Copy exactly the lines of the records below, starting at the line that contains "タマネギとセロリを煮出して作った、野菜の旨みが凝縮された美味しいブイヨン。" and continuing through the last line, both included; omit any pictures.

··· DATA FOR ANALYSIS

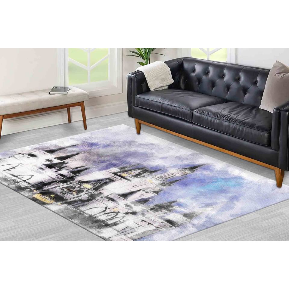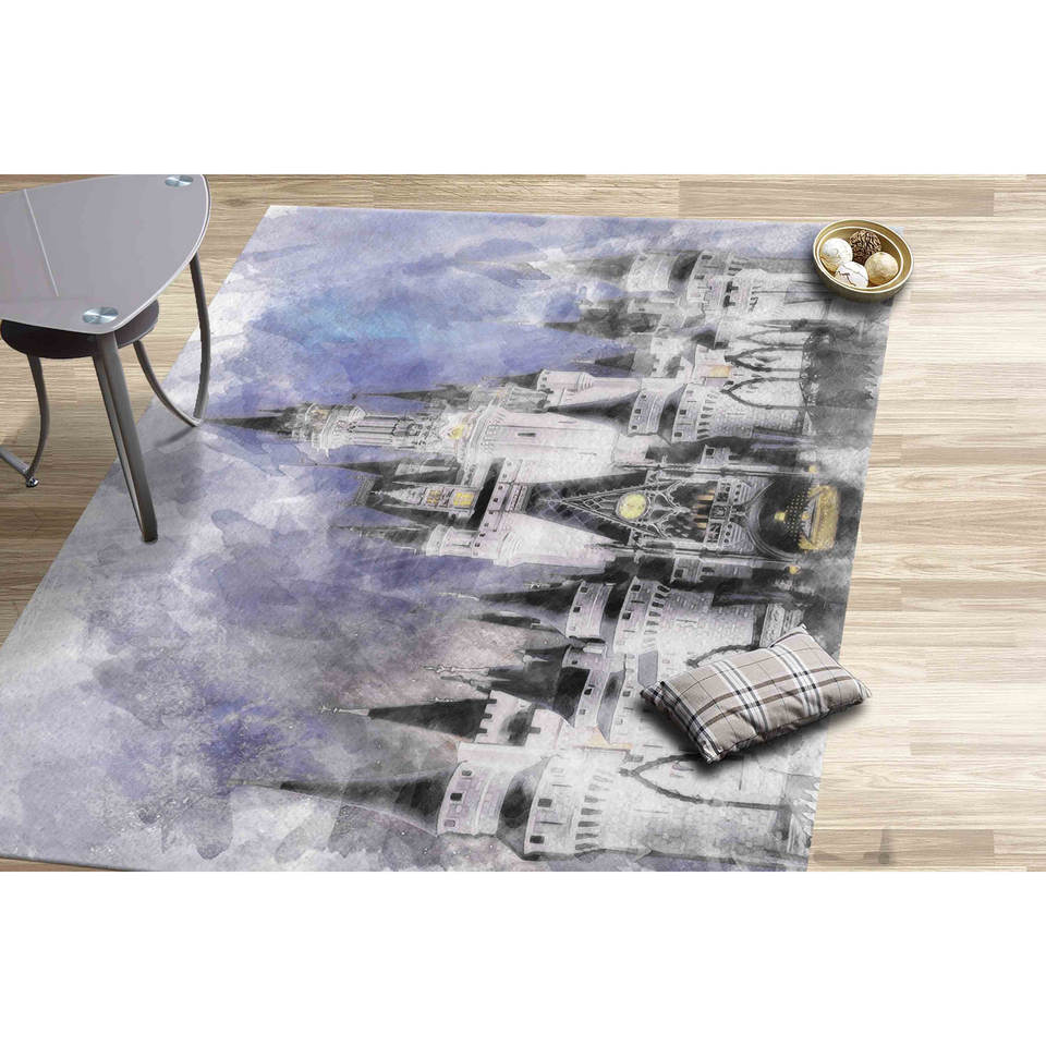 Tapis Château de Cendrillon pour salle à manger, en laine imprimée colorée avec motif patchwork, support en latex écologique
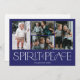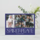 These simple holiday photo greeting cards feature the greeting, “Spirit of Peace,” in large white letters on a royal blue background with placeholders to add four of your favourite photos, family name & the year.
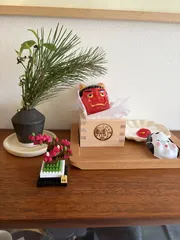 節分ディスプレイに仲間入り 1月キャンペーン商品でいただいたプチブロック梅は息子がつくりました!節分ディスプレイしました✨半紙と節分豆もDAISO商品です☺️
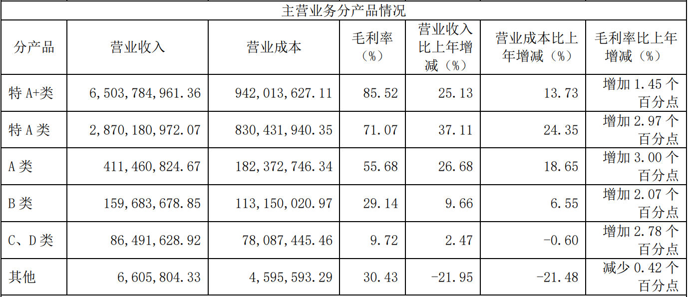 今世缘出厂指导价300元以上的“特A+类”产品收入为65亿元,同比增长25.13%,出厂指导价100元—300元的“特A类”产品收入28.7亿元,同比增长37.11%。
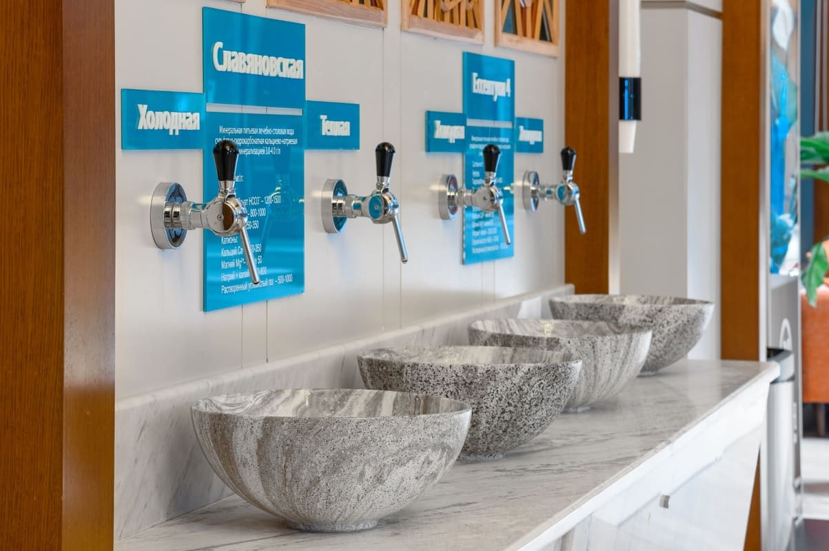 На территории санатория есть собственные бюветы с минеральными водами «Ессентуки 4», «Славяновская». Территория здравницы закрытая и благоустроенная.
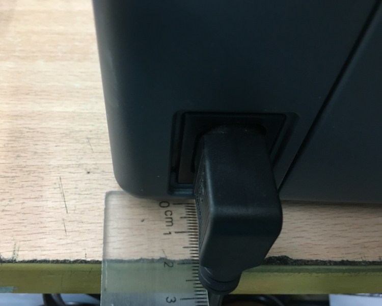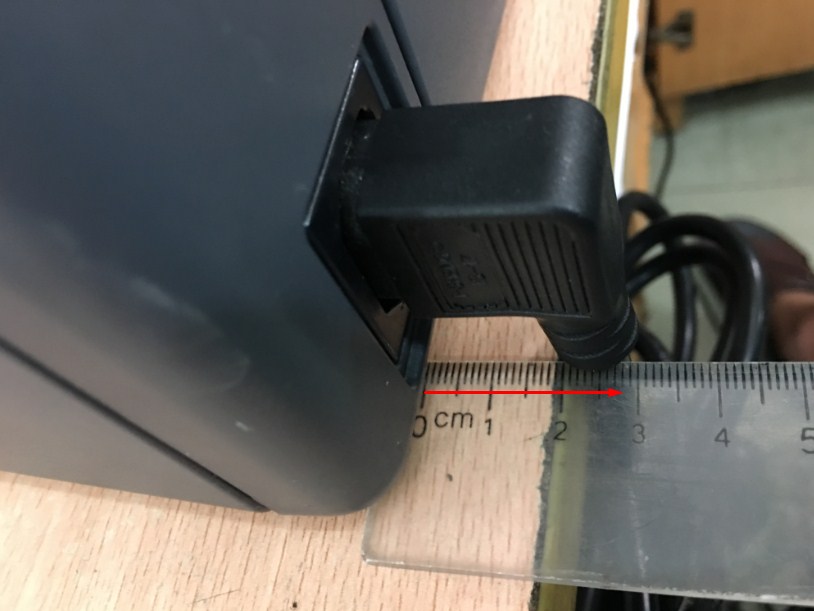 Khoảng trống để cắm cáp chữ L 90 độ vuông sang góc trái Kết nối USB và dây nguồn điện là 2.5Cm
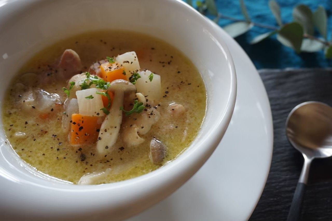 タマネギとセロリを煮出して作った、野菜の旨みが凝縮された美味しいブイヨン。
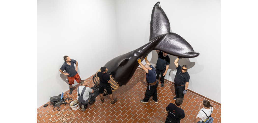 Az Operaház kellékbálnáját installálják a MűvészetMalomban
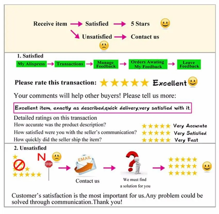 1. Если вы выбираете способ доставки: Yanwen Economic Air Mail или Почта Китая Обычная Маленькая посылка plus, она не может предоставить информацию для отслеживания за рубежом, пожалуйста, не волнуйтесь, он будет успешным в вашей стране, и его процент потери пакета очень низок. В этих заказах мы не принимаем Никаких споров, не отслеживая номер.2. Если вы хотите отслеживать информацию проекта в реальном времени и вам срочно нужен продукт, пожалуйста, выберите ePacket, China Post Air Mail, aliexpress Standard Premium shipping Special Line-YW или другие веревки, такие как DHL, EMS, UPS и т. д.3. Если они имеют дело с нашим временем доставки, пожалуйста, не начинайте обсуждение легко, их понимание высоко ценится.4. Мы рады помочь им решить любую проблему, пожалуйста, свяжитесь с нами, прежде чем давать нам негативные отзывы.5. Мы предлагаем дропшиппинг и оптовую продажу, не связавшись с нами, мы хотели бы долгосрочные деловые отношения с ними.6. Их утверждение-наше предложение. Большое спасибо за поддержку.Возврат и возврат и повторная отправка1. Если есть какие-либо проблемы с нашим продуктом, вы можете запросить возврат или возврат в течение 7 дней после получения товаров. Пожалуйста, свяжитесь с нашей службой поддержки клиентов, прежде чем вернуть или открыть спор против нас.2. Все товары должны быть возвращены в их первоначальном состоянии, или мы откажемся от возврата. Покупатель несет ответственность за все расходы, возникшие в процессе возврата.3. Если вы получили поврежденные или неправильные товары, пожалуйста, отправьте нам посылка и фото товара немедленно, тогда мы отправим вам повторно или вернем вам деньги.
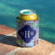Preppy Patchwork Madras Navy Quatrefoil Monogram Can Cooler

······

» SOLUTION BELOW
 タマネギとセロリを煮出して作った、野菜の旨みが凝縮された美味しいブイヨン。
 Az Operaház kellékbálnáját installálják a MűvészetMalomban
 1. Если вы выбираете способ доставки: Yanwen Economic Air Mail или Почта Китая Обычная Маленькая посылка plus, она не может предоставить информацию для отслеживания за рубежом, пожалуйста, не волнуйтесь, он будет успешным в вашей стране, и его процент потери пакета очень низок. В этих заказах мы не принимаем Никаких споров, не отслеживая номер.2. Если вы хотите отслеживать информацию проекта в реальном времени и вам срочно нужен продукт, пожалуйста, выберите ePacket, China Post Air Mail, aliexpress Standard Premium shipping Special Line-YW или другие веревки, такие как DHL, EMS, UPS и т. д.3. Если они имеют дело с нашим временем доставки, пожалуйста, не начинайте обсуждение легко, их понимание высоко ценится.4. Мы рады помочь им решить любую проблему, пожалуйста, свяжитесь с нами, прежде чем давать нам негативные отзывы.5. Мы предлагаем дропшиппинг и оптовую продажу, не связавшись с нами, мы хотели бы долгосрочные деловые отношения с ними.6. Их утверждение-наше предложение. Большое спасибо за поддержку.Возврат и возврат и повторная отправка1. Если есть какие-либо проблемы с нашим продуктом, вы можете запросить возврат или возврат в течение 7 дней после получения товаров. Пожалуйста, свяжитесь с нашей службой поддержки клиентов, прежде чем вернуть или открыть спор против нас.2. Все товары должны быть возвращены в их первоначальном состоянии, или мы откажемся от возврата. Покупатель несет ответственность за все расходы, возникшие в процессе возврата.3. Если вы получили поврежденные или неправильные товары, пожалуйста, отправьте нам посылка и фото товара немедленно, тогда мы отправим вам повторно или вернем вам деньги.
Preppy Patchwork Madras Navy Quatrefoil Monogram Can Cooler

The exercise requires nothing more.